# Opinions on FORD TW tractors



## JD3430

Well, alas my dream of a used JCB Fast Trac or a nice Deer or IH is probably more a fantasy than reality. Just can't afford right now at this time of life. Looking at bottom feeder cheap HP. 
Looks like the "cheapest/best" I can find are Fords and Whites. Both pretty ugly, but easy fix and lots of power. 
OK, so to the point....I found a Ford TW35 4WD w/cab, dual power trans and 7,000hours for $18,500. Lots of power at 185HP. More than I need. In fact, worried it's too much for 540 PTO attachments like my round baler. 
So anyone know the old Ford TW's? 
Also found a White 2-135 4WD cab with 6,000 hours for $16,500. Looks a little better condition than the Ford, but more in transport costs (probably $500 more) and less HP. 
So what do you think? Really can't afford any more than 16-17K and need to stay near east coast to keep transport costs down.


----------



## lfc

I think the TW35 is 1000 rpm pto only, but I'm pretty sure you can add the gears if you wan to go through the effort/expense.


----------



## CockrellHillFarms

I think a TW35 is 170 hp but I could be wrong. I've always thought those tractors looked cool and prob could do some serious work. Let me get on my soap box for a second. That's a very big tractor for hay work. I dunno what your planning on using it for but you wouldn't find a tractor like that in a hay field around here. Too much power and too much fuel. Only place I could see that is on a big square baler. With 7,000 hrs on it, better find out if its a rebuild. If it hasnt been rebuilt, I wouldnt touch it. Those are pulling tractors in my opinion and I bet its pulled some stuff pretty heavy stuff. Again I'm not looking at it just going off hunch. I like the Whites and Allis tractors for cheap horsepower for hay fields. Now they use their fair share of fuel as well but 125-130 hp tractor is the highest hp I would use in a hay field. Cost doesnt come out very clean on expenses at the end of the day with bigger tractors and that added stress on equipment. I'm more of a 100-115 hp hay field tractor guy. Just my opinion for what its worth. Everyone has their own way of doing things and there's more than one way to get the job done. Those whites and allis.......usually you can find a white under 13 and a allis I wouldnt pay more than 9500.


----------



## JD3430

The White is a better fit. I can get the Ford cheap, but the added HP is not necessary as you so aptly stated. 125HP would be fine. Even 105 would be enough. Found an "agco/allis" 105HPfor cheap with dual PTOs and 105HP. I think they're made by SAME in Italy-scares me a little. 
I will be using it for round baler and 15' batwing mower, but wanted future flexibility for sq baler, too.


----------



## slowzuki

Friend bought a TW a few year ago. Second day running it the porous block let loose and oil anti mixed and seized engine. He was able to get an engine out of an armoured personel carrier (same motor he said) and get setup but the tractor missed planting season. Since then he uses it in planting and harvest but no one likes driving it, something about a clunky transmission to shift.


----------



## stickney farm

Nothing like slammin' gears on the old ford crash boxes. They shifted hard from the day they were new but seemed to be reliable and cheap to fix compared to others. A lot of them in rough shape still working hard everyday around here.


----------



## JD3430

Wish I had more $$$$


----------



## JD3430

slowzuki said:


> Friend bought a TW a few year ago. Second day running it the porous block let loose and oil anti mixed and seized engine. He was able to get an engine out of an armoured personel carrier (same motor he said) and get setup but the tractor missed planting season. Since then he uses it in planting and harvest but no one likes driving it, something about a clunky transmission to shift.

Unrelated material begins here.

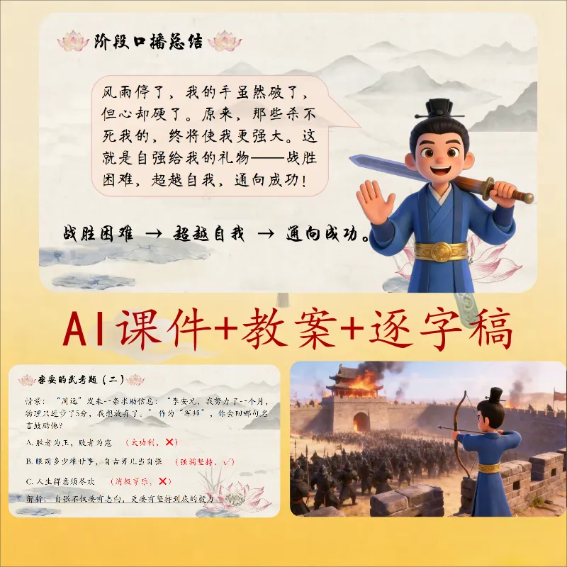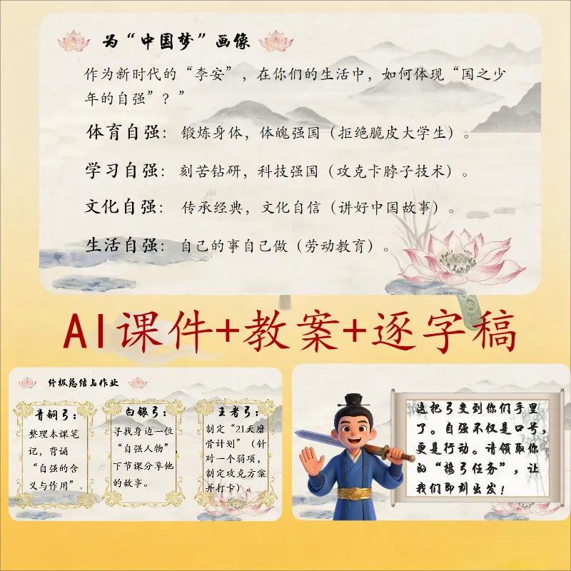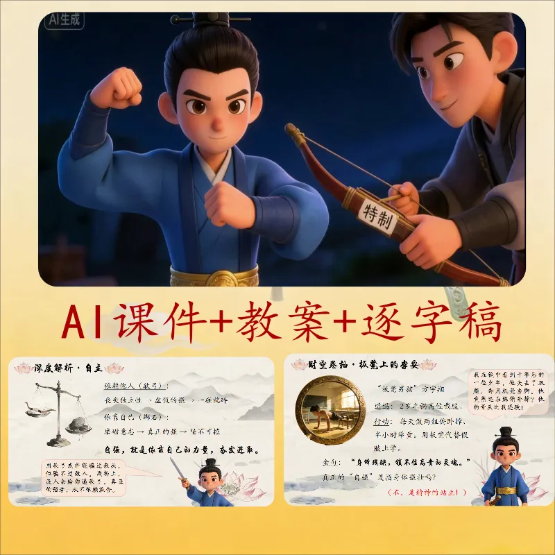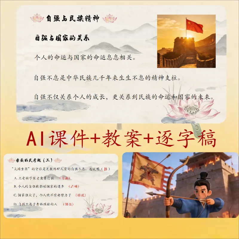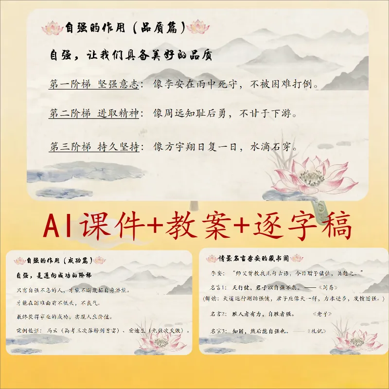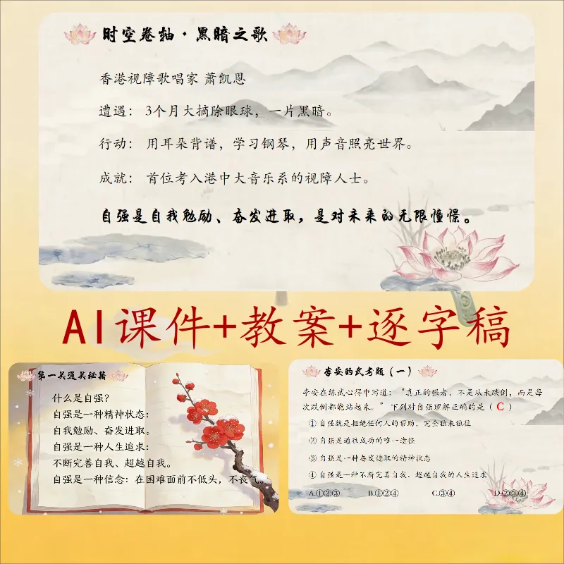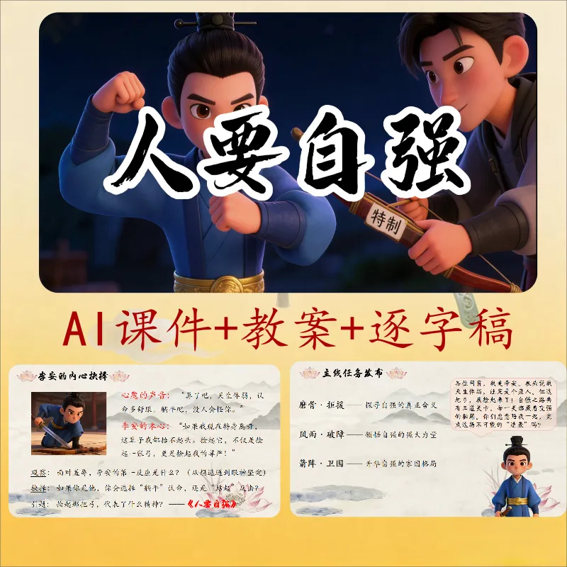 >七年级道法ai赋能公开课《人要自强》课件+教学设计+逐字稿!公开课上这个准没错,需要老师可以拿去用

I had one of the Ford diesels in a dump truck way back. no powerhouse, but got the job done. Same one is in most of the TW's. I like the IH DT's, Cummins or Deeres mills better. 
The ****** I looked at had a Hercules in it. The White has that short wheelbase, though.

Didn't know the trannies were tough to shift...thanks for the info.


----------



## swmnhay

Any Masseys aroung there?I picked up a 1135 a few yrs ago for 6K,was a little rough but had new radial tires.Also have a 1105 that we bought in 76.It is my main cutter tractor and hooked up to cutter all summer.Did alot of rd baling with it also.


----------



## mlappin

LOL, turn the smoke screw on the Hercules in and that White 2-135 and it will eat the ford and want more. Major customer of Hercules was the US military, http://www.herculese...com/history.htm The hercules was also used in Minnie Mo's. Seen one at our dealer they had on the dyno, they were afraid at 185hp to go any further. Engine could have took it, White pto power train could have took it, but the owner left the 540 pto stub in the tractor and the dealer didn't have a 1000 pto stub available to switch out and they were afraid they were going to blow the 540 pto shaft on their dyno apart. At 185 hp the Hercules wasn't even smoking yet.

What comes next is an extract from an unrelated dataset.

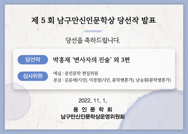 당선자에게는 상금 500만원이 수여되며 시상식은 오는 19일 용인문화예술원 마루홀에서 열리는 ‘2022 남구만문학제’에서 진행된다.

The 2-135 would be a good hay tractor, as well as a 2-105 or a 2-110. The 2-105's are common enough but the 2-110's are hard to find, people just don't part with em. I have two 2-110's, last year on second cutting I think I was using around .35 gallon/acre or less running a 13' discbine at 10 mph.

Stay away from the early White front wheel assist tractors. They were bullet proof for the most part but with that ultra short wheel base (turns sharper) they will beat you to death.


----------



## Nitram

Don't give up your tractor is out there! Don't jump before you find what you know it's the right one. Martin


----------



## mlappin

Double check on the White PTO, tractordata has a 1000rpm pto as standard with the 540/1000 rpm pto as an option. http://www.tractordata.com/farm-tractors/000/5/6/568-white-2-135.html


----------



## endrow

We have some newer tractors but we buy alot of old iron as well . I am like the guy who says 100-115hp is good a 150- 18o hp from the 1970-80 era is usually some guys" big tractor'that never did any thing other than pull over sized tillage tools.


----------



## JD3430

I may have to "settle" for one of the FWA Whites. Maybe a good air ride seat will help take the edge off. 
I think they look like a good tractor other than the short wheelbase. Old Allis Chalmers are the same problem with FWA. 
Found some older Agco Allis units (made by SAME) for reasonable cost, too. 
Don't know SAME too well.


----------